9 vues (au cours des 30 derniers jours)
Doug Hates Squirrels
Doug Hates Squirrels le 26 Avr 2011
Réponse apportée : Lidianne Mapa le 14 Jan 2018
I'm working on solving for the values of a series of parameters that are from a set of equations. While I have tried following every example I can find for fsolve, none have been particularly helpful. I've past the code from my m file below.

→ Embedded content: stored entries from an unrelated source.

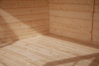 (*) Il sistema di assemblaggio definito "blockhouse" si riferisce all'impiego di assi in legno massiccio con lavorazione maschio-femmina, in modo da avere tavole con incastro e sovrapposizione perfetti, senza necessità di utilizzare collanti o piastre di ancoraggio durante l'installazione.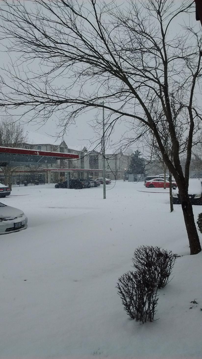 We got a few inches of snow here. Enough to close school for a few days. Driving was fun. The sun was out for a bit, melted the snow...except in the shady parts of the street, which were slick with ice.
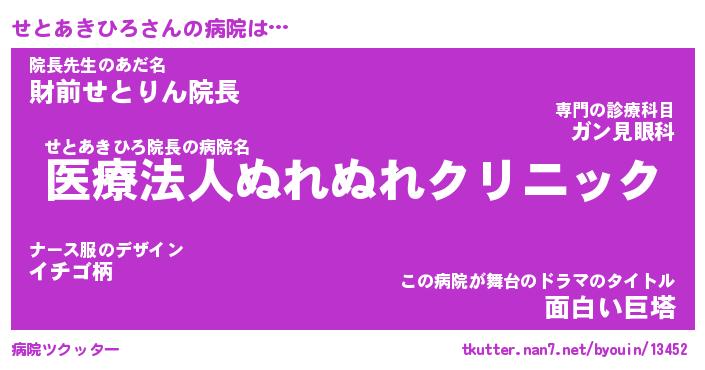 | ヘコむあだ名 | 『せともー』『レバニラ』 |

Any help is appreciated. THANKS!
function F=calibrate(X)
%known variables;
nm = 0.031;
se = 0.108;
ne = 0.862;
c = 0.091;
ke = 0.545;
km = 0.040;
m = 0.097;
l = 0.333;
phi = 0.045;
A = 0.017;
B = 0.048;
%unknown parameters;
delta=X(1);
alpha=X(2);
gamma=X(3);
tau=X(4);
theta=X(5);
zeta1=X(6);
zeta2=X(7);
zeta3=X(8);
eta=X(9);
omegae = X(10);
omegam = X(11);
beta = X(12);
F(1) = A*((ke^alpha)*(ne^(1-alpha)))^(1-gamma) * m^gamma - c - ke*phi - km*phi +(ke+km)*(1 - delta);
F(2) = B*(theta * (km^tau) + (1-theta)*(nm^tau))^(1/tau) -m;
F(3) = omegae*se + omegam*nm - phi;
F(4) = 1 - ne - nm - se -l;
F(5) = zeta1 * ke^(alpha*(1-gamma))* ne^(-alpha - gamma*(1- alpha))*m^gamma - c;
F(6) = (gamma/eta)*A*B*(ke^(alpha*(1-gamma)))*(ne^((1-alpha)*(1-gamma)))*(nm^(tau-1))*(m^(gamma - tau)) + c*(omegae /omegam) - c;
F(7) = zeta2 * (ke^((alpha -1)-(gamma*alpha)))*(ne^((1-alpha)*(1-gamma)))*(m^gamma)+ zeta3 - phi;
F(8) = zeta3 - beta * gamma * theta * A* B*(ke^(alpha*(1-gamma)))*(ne^((1-alpha)+(1-gamma)))*(km^(tau-1))*(m^(gamma-tau)) - phi;
F(9) = beta*omegae*(1-l) - phi;
F(10) = (A*(1-gamma)*(1 - alpha))/eta - zeta1;
F(11) = beta*A*(1-gamma)*alpha - zeta2;
F(12) = beta*(1-delta)- zeta3;
  1 commentaire
Doug Hates Squirrels
Doug Hates Squirrels le 26 Avr 2011
Here's my solution when I try to run it, but I know it's not correct because when I plug the answers into the my system of equations they don't add up
EDU>> fsolve('calibrate',[1 1 1 1 1 1 1 1 1 1 1 1])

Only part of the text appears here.